What the task requires — For the material below, return exactly the lines starting at the one holding "Lourdes Mª y" and ending at the one holding "Contemporary floral inspired", counting both as part of the range.

Extracted material —
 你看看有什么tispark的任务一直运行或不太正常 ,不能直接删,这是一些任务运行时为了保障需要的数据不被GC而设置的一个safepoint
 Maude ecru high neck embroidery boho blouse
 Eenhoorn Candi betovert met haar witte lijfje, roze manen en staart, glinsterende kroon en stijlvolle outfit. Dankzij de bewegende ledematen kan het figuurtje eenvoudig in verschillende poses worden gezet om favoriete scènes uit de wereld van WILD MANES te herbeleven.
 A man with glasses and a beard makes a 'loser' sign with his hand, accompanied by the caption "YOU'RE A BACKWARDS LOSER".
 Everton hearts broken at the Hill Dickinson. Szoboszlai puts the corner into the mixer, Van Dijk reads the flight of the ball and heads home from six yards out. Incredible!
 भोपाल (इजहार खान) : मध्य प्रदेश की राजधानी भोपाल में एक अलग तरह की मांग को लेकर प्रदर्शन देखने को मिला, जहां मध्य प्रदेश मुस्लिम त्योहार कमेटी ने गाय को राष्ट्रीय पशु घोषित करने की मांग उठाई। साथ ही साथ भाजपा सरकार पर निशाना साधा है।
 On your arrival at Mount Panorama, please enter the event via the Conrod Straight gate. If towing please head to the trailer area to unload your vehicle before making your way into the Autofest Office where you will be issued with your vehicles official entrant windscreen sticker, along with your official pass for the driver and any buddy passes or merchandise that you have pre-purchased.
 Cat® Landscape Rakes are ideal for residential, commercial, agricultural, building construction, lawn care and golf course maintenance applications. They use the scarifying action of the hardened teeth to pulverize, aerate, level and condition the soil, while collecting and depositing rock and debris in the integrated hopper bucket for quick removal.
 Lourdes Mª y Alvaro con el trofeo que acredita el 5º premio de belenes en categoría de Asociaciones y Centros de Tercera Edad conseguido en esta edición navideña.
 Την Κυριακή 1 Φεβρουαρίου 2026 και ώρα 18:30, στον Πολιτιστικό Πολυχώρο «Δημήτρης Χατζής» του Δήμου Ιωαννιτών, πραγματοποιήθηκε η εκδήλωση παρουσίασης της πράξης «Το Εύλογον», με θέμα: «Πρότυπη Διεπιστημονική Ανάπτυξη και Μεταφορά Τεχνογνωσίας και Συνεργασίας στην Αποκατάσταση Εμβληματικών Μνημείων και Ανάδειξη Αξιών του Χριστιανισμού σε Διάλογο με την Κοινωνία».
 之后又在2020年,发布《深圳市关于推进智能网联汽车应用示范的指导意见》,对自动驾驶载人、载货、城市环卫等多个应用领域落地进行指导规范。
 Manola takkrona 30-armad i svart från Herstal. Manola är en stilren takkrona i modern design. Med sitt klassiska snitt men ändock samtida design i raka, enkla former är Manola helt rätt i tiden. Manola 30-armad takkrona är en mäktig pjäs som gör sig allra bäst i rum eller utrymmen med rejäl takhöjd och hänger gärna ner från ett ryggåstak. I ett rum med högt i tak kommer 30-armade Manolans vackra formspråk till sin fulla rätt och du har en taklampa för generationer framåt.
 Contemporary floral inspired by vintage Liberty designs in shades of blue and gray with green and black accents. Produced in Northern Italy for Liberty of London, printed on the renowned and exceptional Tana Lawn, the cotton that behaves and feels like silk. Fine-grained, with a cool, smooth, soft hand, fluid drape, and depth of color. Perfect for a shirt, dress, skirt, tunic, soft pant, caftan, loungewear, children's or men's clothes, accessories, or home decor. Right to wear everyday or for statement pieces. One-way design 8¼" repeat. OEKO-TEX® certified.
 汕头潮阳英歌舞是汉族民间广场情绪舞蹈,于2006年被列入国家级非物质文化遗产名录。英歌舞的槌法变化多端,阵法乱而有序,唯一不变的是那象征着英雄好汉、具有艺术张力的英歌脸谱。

Task result —
 Lourdes Mª y Alvaro con el trofeo que acredita el 5º premio de belenes en categoría de Asociaciones y Centros de Tercera Edad conseguido en esta edición navideña.
 Την Κυριακή 1 Φεβρουαρίου 2026 και ώρα 18:30, στον Πολιτιστικό Πολυχώρο «Δημήτρης Χατζής» του Δήμου Ιωαννιτών, πραγματοποιήθηκε η εκδήλωση παρουσίασης της πράξης «Το Εύλογον», με θέμα: «Πρότυπη Διεπιστημονική Ανάπτυξη και Μεταφορά Τεχνογνωσίας και Συνεργασίας στην Αποκατάσταση Εμβληματικών Μνημείων και Ανάδειξη Αξιών του Χριστιανισμού σε Διάλογο με την Κοινωνία».
 之后又在2020年,发布《深圳市关于推进智能网联汽车应用示范的指导意见》,对自动驾驶载人、载货、城市环卫等多个应用领域落地进行指导规范。
 Manola takkrona 30-armad i svart från Herstal. Manola är en stilren takkrona i modern design. Med sitt klassiska snitt men ändock samtida design i raka, enkla former är Manola helt rätt i tiden. Manola 30-armad takkrona är en mäktig pjäs som gör sig allra bäst i rum eller utrymmen med rejäl takhöjd och hänger gärna ner från ett ryggåstak. I ett rum med högt i tak kommer 30-armade Manolans vackra formspråk till sin fulla rätt och du har en taklampa för generationer framåt.
 Contemporary floral inspired by vintage Liberty designs in shades of blue and gray with green and black accents. Produced in Northern Italy for Liberty of London, printed on the renowned and exceptional Tana Lawn, the cotton that behaves and feels like silk. Fine-grained, with a cool, smooth, soft hand, fluid drape, and depth of color. Perfect for a shirt, dress, skirt, tunic, soft pant, caftan, loungewear, children's or men's clothes, accessories, or home decor. Right to wear everyday or for statement pieces. One-way design 8¼" repeat. OEKO-TEX® certified.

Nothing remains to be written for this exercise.